As for your use of the "single" word "chump", are you suggesting that it has somehow become a positive and has suddenly lost the clear negative meanings that it has had for decades?

Whether you personally agree or not, you are breaching guidelines if you re-use your instruments, and single use instrumentation involves a significant cost.
 
Well.. The wait was annoying, but that isn't really my issue.

It's more that she did a visual check - said I needed a filling.

Did an X-Ray.. which didn't show anything up.

Then another visual check, and then decided that actually she's completely happy with the tooth and no filling is needed.

Seems as though her first assessment was completely wrong - and I got charged an extra £20 for the pleasure.

they are still better than mechanics though you can take your car in they do some work replace something and then it turns out that wasnt the problem , your down a few hundred quid and they need to try to do something else!

my dad has some garage fix the same problem 4 different times before they eventually fixed what was wrong.... clowns i swear
 
I know cant moan at prices in scotland :D Free extensive check-up, 2 xrays and a plack and tarter removal total £14

Going back for my first ever filling as I broke a part of my tooth its going to be £9
 


I'm with you, you have a good attitude; my dentist is much the same, always erring on the side of caution.

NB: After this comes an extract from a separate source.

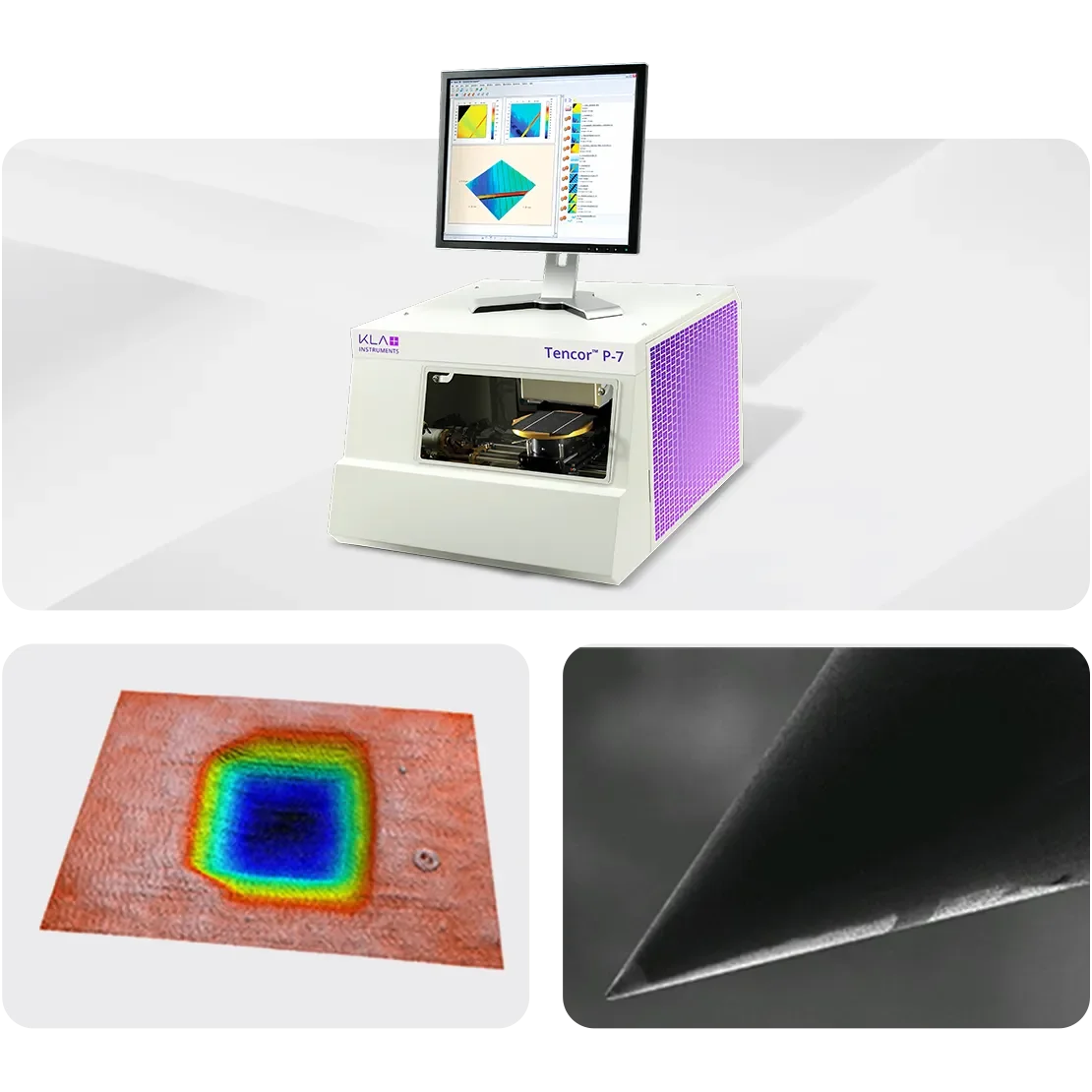นี่คือเครื่องวัดโปรไฟล์แบบ Stylus ที่สามารถวัดความสูงของพื้นผิวได้ตั้งแต่ระดับนาโนเมตรจนถึง 1 มิลลิเมตร รองรับการวัดทั้งแบบ 2D และ 3D สำหรับการตรวจสอบขั้นผิว ความหยาบ ความโค้ง และความเครียด โดยสามารถสแกนชิ้นงานขนาดใหญ่ถึง 150 มิลลิเมตรได้โดยไม่ต้องเย็บภาพ อุปกรณ์นี้ให้ประสิทธิภาพเทียบเท่าเครื่อง P-7 แต่มาในรูปแบบตั้งโต๊ะที่คุ้มค่า เหมาะทั้งสำหรับสายการผลิตและงานวิจัยพัฒนา ภาพที่เห็นแสดงให้เห็นตัวเครื่องและตัวอย่างการสแกนพื้นผิว 3D ที่แสดงผลด้วยสีสันชัดเจน

I recall having spent almost 2 hours once having RCT on my lower third molar (at least I think it's a 3rd molar!, lower back), on account of strangely shaped roots? (is root the correct term?, anyway..), he went on and on with the beeping hook thing, and I recall having an xray or two during, or something like that, it's been a while..
Anyway, end result - root removed, everything filled nicely, zero complication since. It's never been a problem to me, and so it was worth the time, and the cost.
I've had a fair bit of dental work, and I'd rather a strict dentist who's primary interest is level of care, rather than a visible consideration for cost/overheads, getting people in and out the door, etc.

I go, he plays nice music, nothing's rushed or hurried, it encourages confidence; which is bloody important when there's a guy cutting your gums or drilling your teeth (and you don't happen to enjoy either..). It costs more money, but you do get what you pay for. IMO anyway, it's just part of a different approach to dental care than I've experienced with the 3 NHS dentists I've used. I'm not a dentist, so I'm talking purely from the perspective of a patient.
 
I've just paid £1800 for two new crowns a a tiny bit of restoration work. These are my front teeth, the last time I had one done was by a NHS dentist, it was awful, huge size, wrong shade and didnt match my veneer at all. I decided to go private and have both front teeth done.

So far I have my temporaries on and had a 1 hour consultation with the two guys who will be making my new crowns, i'm really pleased with what they have come up with, they look natural and you won't be able to tell that I had crowns at all.

For me it's worth spending the money on getting decent teeth.